[Dataset records]

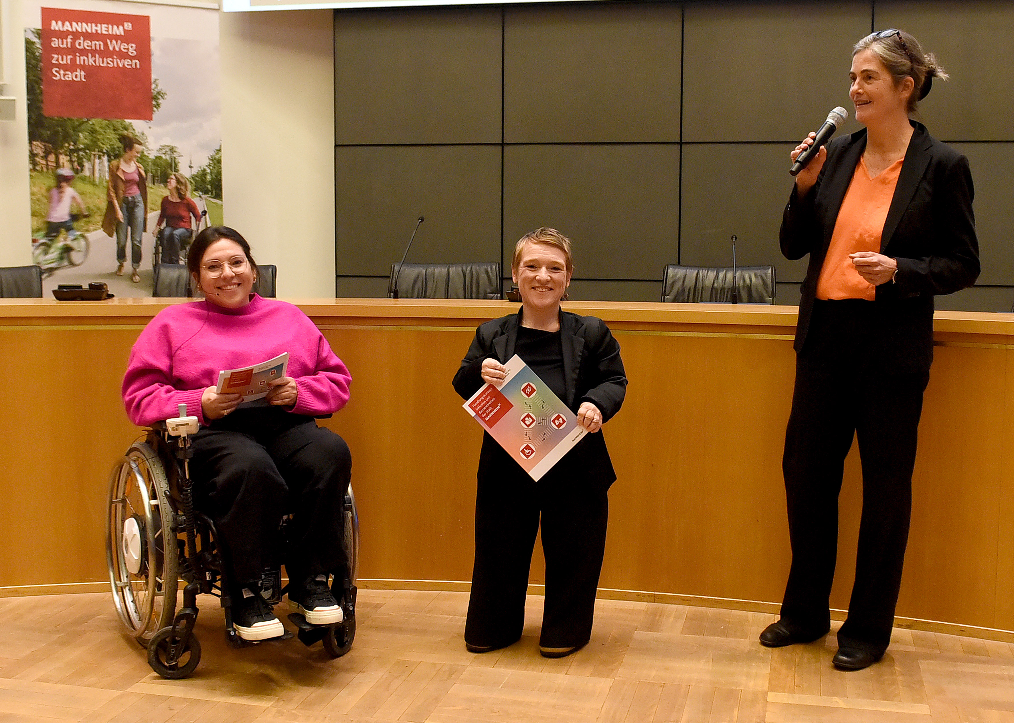 Kim Lumelius, Moderatorin, Simone Fischer, Landesbeauftragte für die Belange von Menschen mit Behinderung und Ursula Frenz, Beauftragte für die Belange von Menschen mit Behinderung der Stadt Mannheim
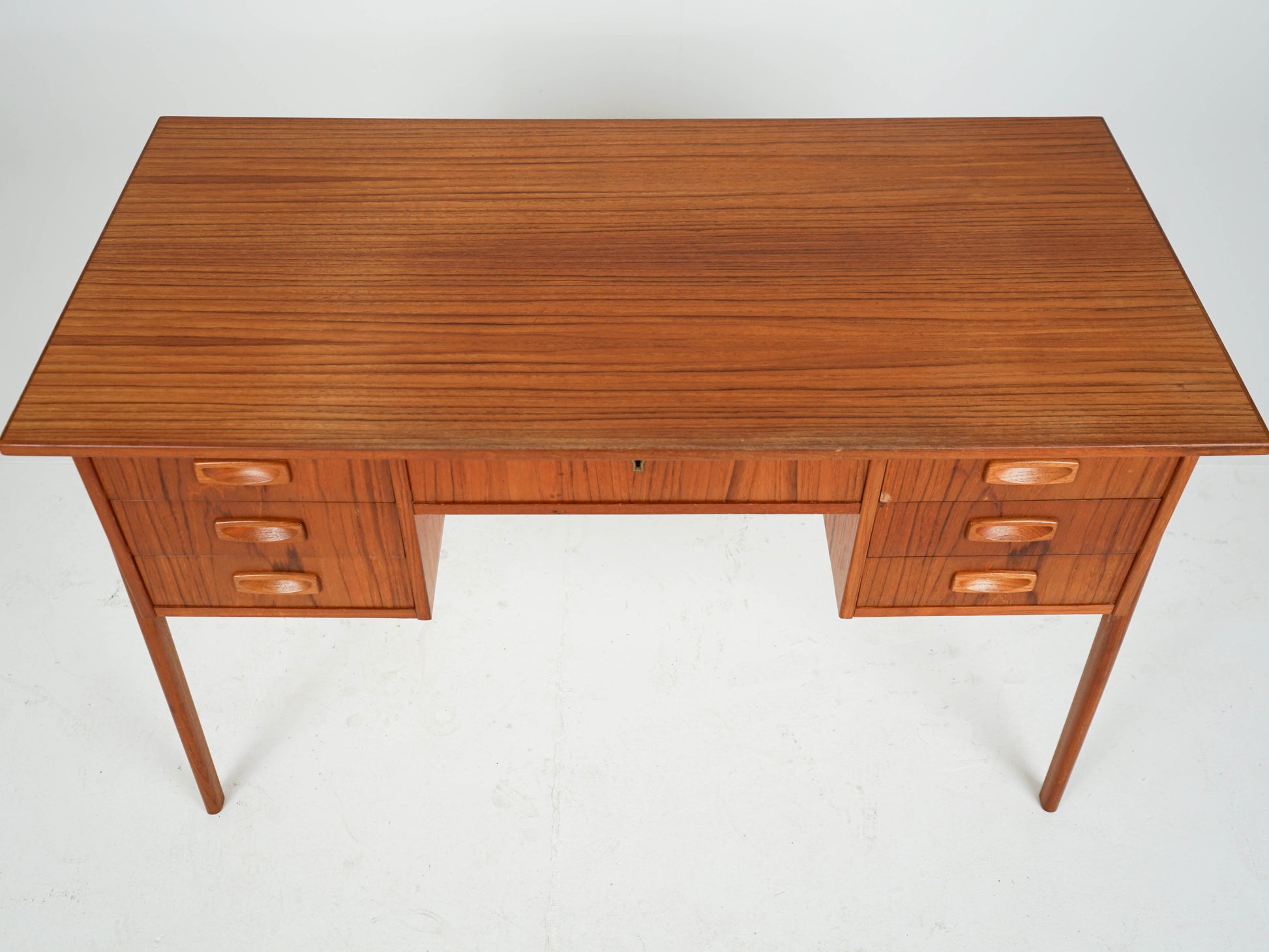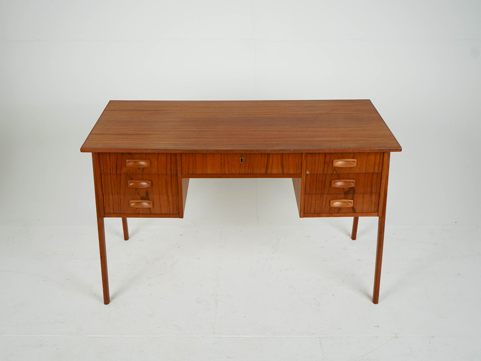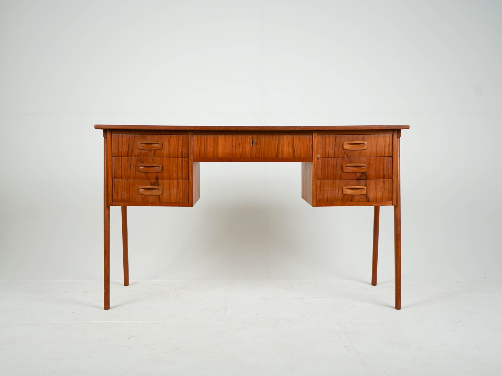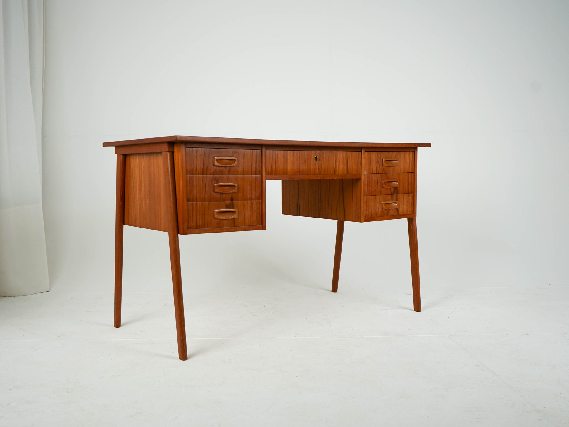 Zum Verkauf steht ein wunderschöner Vintage Teak Schreibtisch mit sechs kleinen und einer großen abschließbaren Schublade.
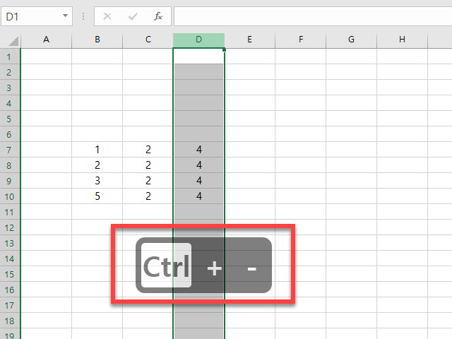 D열 전체를 선택 클릭한 상태에서 행 삭제할 때 사용하였던 단축키와 동일한 <Ctrl + - > 키를 선택하여 세로줄 전체를 없앨 수 있습니다
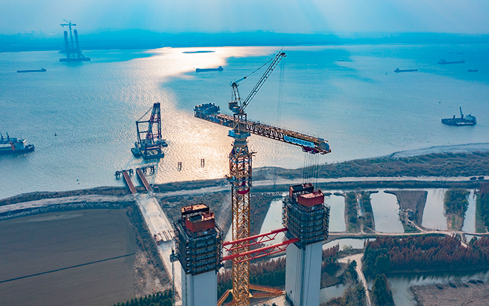 張靖皋長(zhǎng)江大橋主跨為2300米,索塔高度為350米,擁有跨度、索塔高度、錨碇體積等6個(gè)世界第一,是中國橋梁首次突破2000米跨徑標(biāo)志性橋梁。
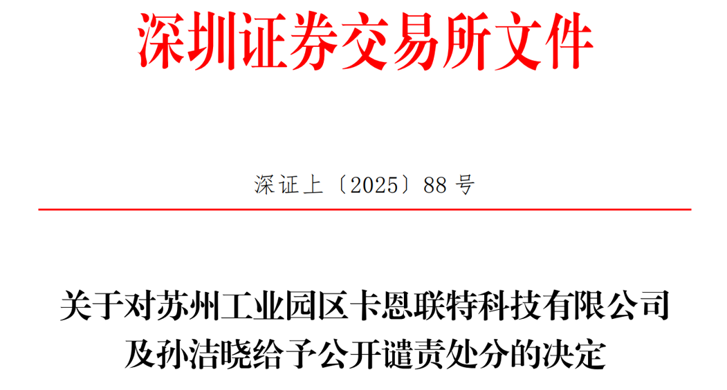 一、对苏州工业园区卡恩联特科技有限公司给予公开谴责的处分;
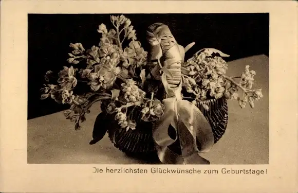 Ak Glückwunsch Geburtstag, Weidenkorb mit Blumen
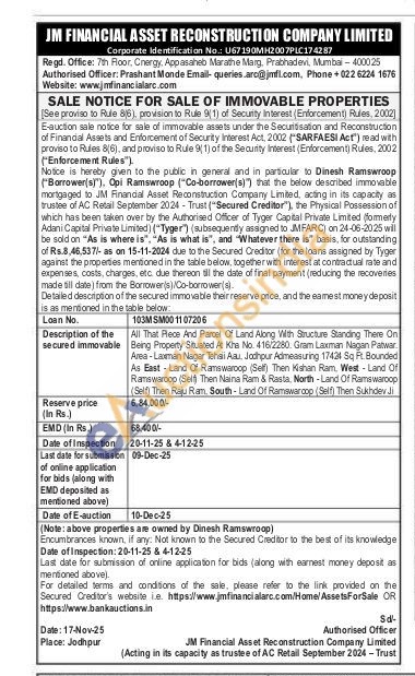 All That Piece And Parcel Of Land Along With Structure Standing There On Being Property Situated At Khe No. 416/2280. Gram Laxman Nagan Patwar Area-Laxman Nagar Tehsi Aau. Jodhpur Admeasuring 17434 Sq Ft. Bounded As East-Land Of Ramswaroop (Self) Then Kishan Ram, West-Land Of Ramswaroop (Self Then Naina Ram & Rasta. North-Land Of Ramswaroop (Selfi Then Raju Ram, South-Land Of Ramawar cop (Self) Then Sukhdev Ji
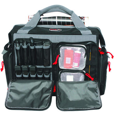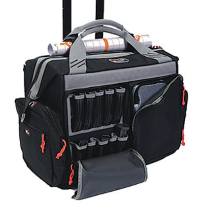 This bag features oversized ATV wheels and a wide mouth top opening and a telescoping handle for easy transport. All components of this storage system including storage pockets for eye and ear protection, targets, stapler, tape, binos, tools, cleaning supplies, extra magazines, and an innovative fold out vertical handgun holder. This handgun holder allows the shooter to store two medium or small frame handguns inside the bag in a secure vertical storage format that allows better organization at the range. They constructed this Rolling Range bag with the same strong materials used in making better grade luggage. A rigid internal frame with 6 metal rivets ensure it's long term durability.
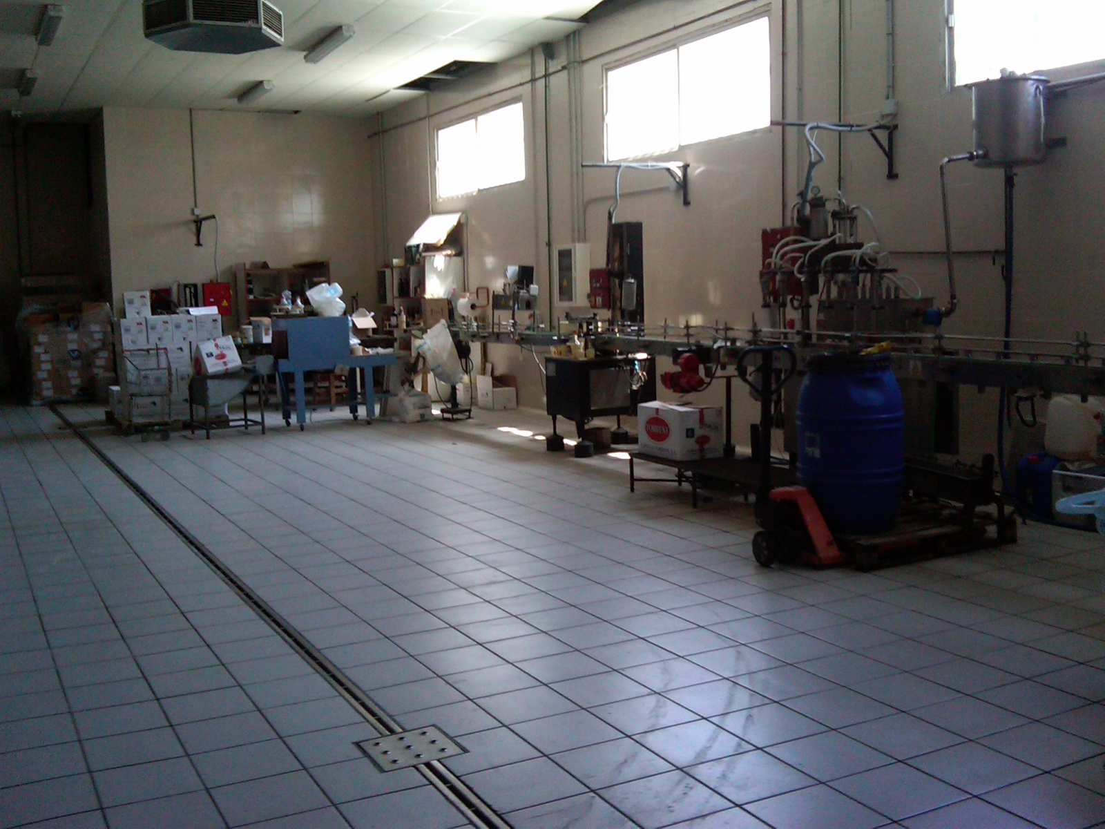 Nos introducimos a la sala de elaboración propiamente dicha, me muestran la prensa fabricada a medida para las prensadas necesarias de la vendimia y diferentes elaboraciones, en el resto de la nave se reparten depósitos de poliéster con los modernos de acero inoxidable, "...estamos esperando un crédito del ICO para la renovación de depósitos" ...malos tiempos para la lírica como diría Germán Coppini. Una de las cosas que más me llamo la atención fue la técnica de elaboración del "Arrope" de donde del vino blanco obtenido de la ultima presada se pasa a una enorme "cazuela" que se calienta al baño maría para deshidratar el vino y que solo quede algo parecido a un caramelo de color oscuro que se denomina Arrope y se mezclara con los vinos blancos de primera prensada y flor para que les de el color típicamente oscuro de estos vinos obtenidos de uvas blancas. Todo un descubrimiento para mi traducido en orgullo para ellos el poder demostrar y enseñar a un aficionado de esto de la vinicultura esas técnicas especiales de elaboración que siempre aparecen al final de los libros de enología y que nunca hacemos caso. ¡¡No sabemos lo que nos perdemos!!, yo he abierto la puerta, he asomado la cabeza y he visto ante mi un mundo nuevo en esto de las vinificaciones.
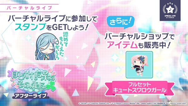 また、「ほどかれた糸のその先に アフターライブ」の開催に先立ち、2月10日(金)からバーチャルショップにて、フルセット「キュートスワロウガール」を販売中です。

▶ Task item
Without the pictures, return all the entries above exactly as they stand.

▶ Response below
 Kim Lumelius, Moderatorin, Simone Fischer, Landesbeauftragte für die Belange von Menschen mit Behinderung und Ursula Frenz, Beauftragte für die Belange von Menschen mit Behinderung der Stadt Mannheim
 Zum Verkauf steht ein wunderschöner Vintage Teak Schreibtisch mit sechs kleinen und einer großen abschließbaren Schublade.
 D열 전체를 선택 클릭한 상태에서 행 삭제할 때 사용하였던 단축키와 동일한 <Ctrl + - > 키를 선택하여 세로줄 전체를 없앨 수 있습니다
 張靖皋長(zhǎng)江大橋主跨為2300米,索塔高度為350米,擁有跨度、索塔高度、錨碇體積等6個(gè)世界第一,是中國橋梁首次突破2000米跨徑標(biāo)志性橋梁。
 一、对苏州工业园区卡恩联特科技有限公司给予公开谴责的处分;
 Ak Glückwunsch Geburtstag, Weidenkorb mit Blumen
 All That Piece And Parcel Of Land Along With Structure Standing There On Being Property Situated At Khe No. 416/2280. Gram Laxman Nagan Patwar Area-Laxman Nagar Tehsi Aau. Jodhpur Admeasuring 17434 Sq Ft. Bounded As East-Land Of Ramswaroop (Self) Then Kishan Ram, West-Land Of Ramswaroop (Self Then Naina Ram & Rasta. North-Land Of Ramswaroop (Selfi Then Raju Ram, South-Land Of Ramawar cop (Self) Then Sukhdev Ji
 This bag features oversized ATV wheels and a wide mouth top opening and a telescoping handle for easy transport. All components of this storage system including storage pockets for eye and ear protection, targets, stapler, tape, binos, tools, cleaning supplies, extra magazines, and an innovative fold out vertical handgun holder. This handgun holder allows the shooter to store two medium or small frame handguns inside the bag in a secure vertical storage format that allows better organization at the range. They constructed this Rolling Range bag with the same strong materials used in making better grade luggage. A rigid internal frame with 6 metal rivets ensure it's long term durability.
 Nos introducimos a la sala de elaboración propiamente dicha, me muestran la prensa fabricada a medida para las prensadas necesarias de la vendimia y diferentes elaboraciones, en el resto de la nave se reparten depósitos de poliéster con los modernos de acero inoxidable, "...estamos esperando un crédito del ICO para la renovación de depósitos" ...malos tiempos para la lírica como diría Germán Coppini. Una de las cosas que más me llamo la atención fue la técnica de elaboración del "Arrope" de donde del vino blanco obtenido de la ultima presada se pasa a una enorme "cazuela" que se calienta al baño maría para deshidratar el vino y que solo quede algo parecido a un caramelo de color oscuro que se denomina Arrope y se mezclara con los vinos blancos de primera prensada y flor para que les de el color típicamente oscuro de estos vinos obtenidos de uvas blancas. Todo un descubrimiento para mi traducido en orgullo para ellos el poder demostrar y enseñar a un aficionado de esto de la vinicultura esas técnicas especiales de elaboración que siempre aparecen al final de los libros de enología y que nunca hacemos caso. ¡¡No sabemos lo que nos perdemos!!, yo he abierto la puerta, he asomado la cabeza y he visto ante mi un mundo nuevo en esto de las vinificaciones.
 また、「ほどかれた糸のその先に アフターライブ」の開催に先立ち、2月10日(金)からバーチャルショップにて、フルセット「キュートスワロウガール」を販売中です。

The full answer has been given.